• _TASK ITEM_
The reply should hold only the lines below beginning at the one with "样本容量为250名成年人。这" and ending at the one with "OTG (OVER-THE-GLASSES) DESIGN", copied exactly, with every picture left out.

• _RECORDS SUPPLIED_
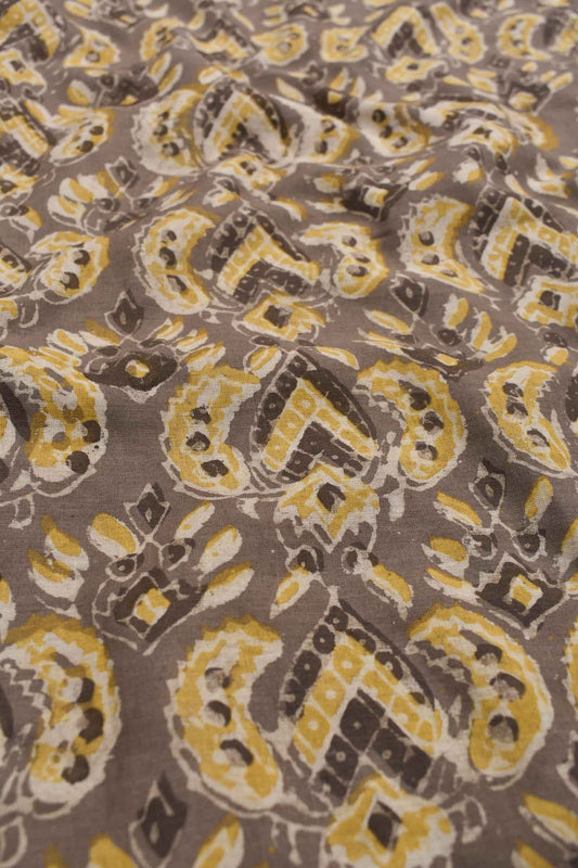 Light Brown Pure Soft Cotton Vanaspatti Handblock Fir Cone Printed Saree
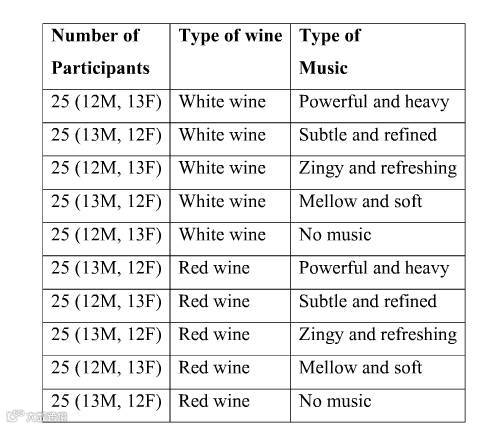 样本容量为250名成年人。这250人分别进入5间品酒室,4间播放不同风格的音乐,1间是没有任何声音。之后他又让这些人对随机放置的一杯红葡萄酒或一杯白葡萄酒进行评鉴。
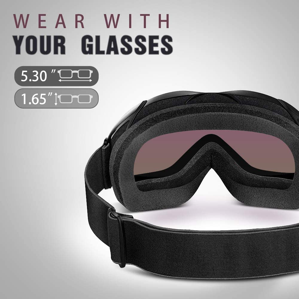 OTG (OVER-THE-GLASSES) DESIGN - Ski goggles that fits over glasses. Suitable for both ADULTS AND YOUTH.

==

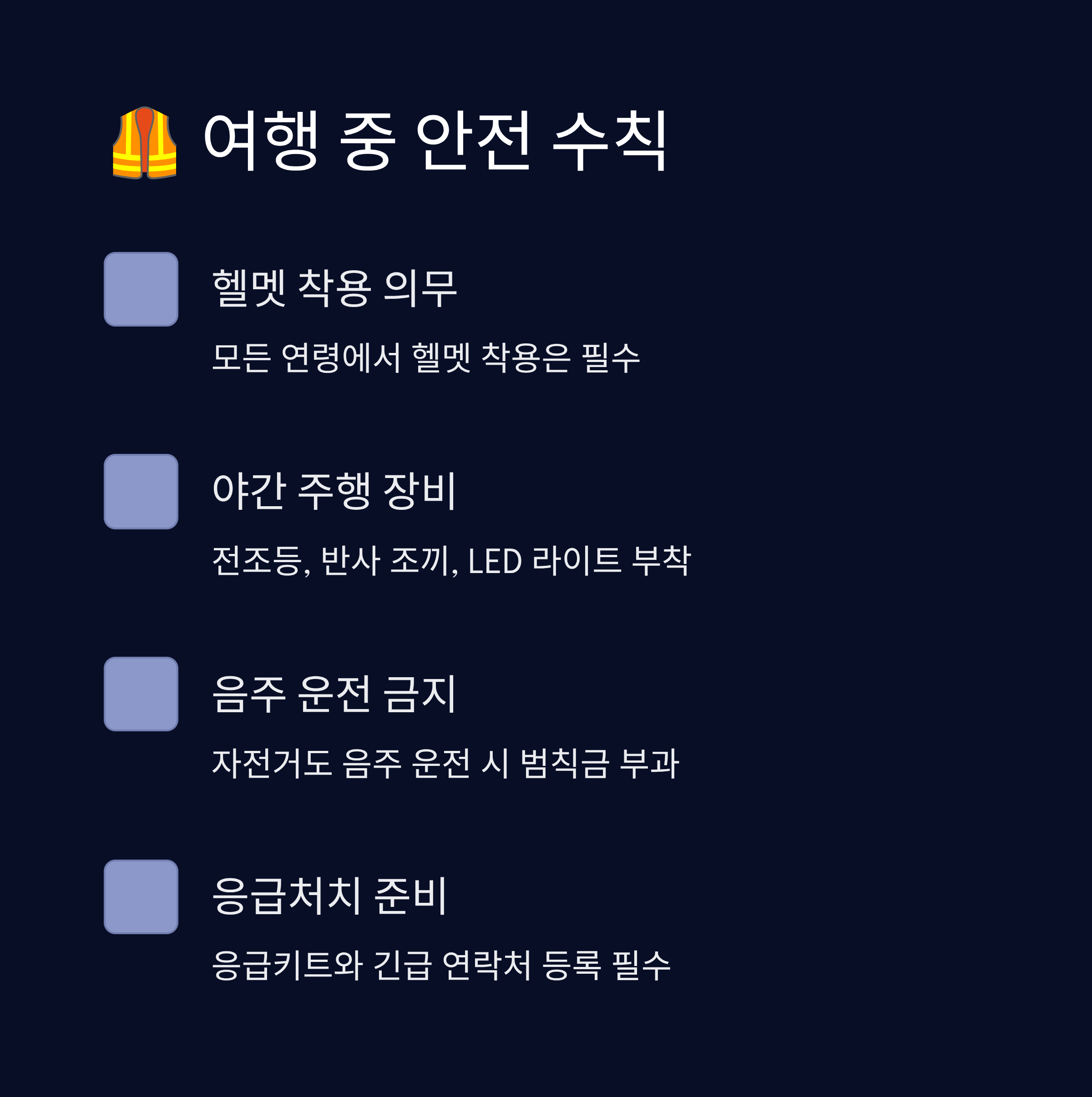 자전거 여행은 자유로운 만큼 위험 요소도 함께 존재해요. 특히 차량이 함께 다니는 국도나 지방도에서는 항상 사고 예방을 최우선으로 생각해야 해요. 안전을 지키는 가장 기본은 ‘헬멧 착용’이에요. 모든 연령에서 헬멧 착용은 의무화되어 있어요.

• _TASK RESULT_
 样本容量为250名成年人。这250人分别进入5间品酒室,4间播放不同风格的音乐,1间是没有任何声音。之后他又让这些人对随机放置的一杯红葡萄酒或一杯白葡萄酒进行评鉴。
 OTG (OVER-THE-GLASSES) DESIGN - Ski goggles that fits over glasses. Suitable for both ADULTS AND YOUTH.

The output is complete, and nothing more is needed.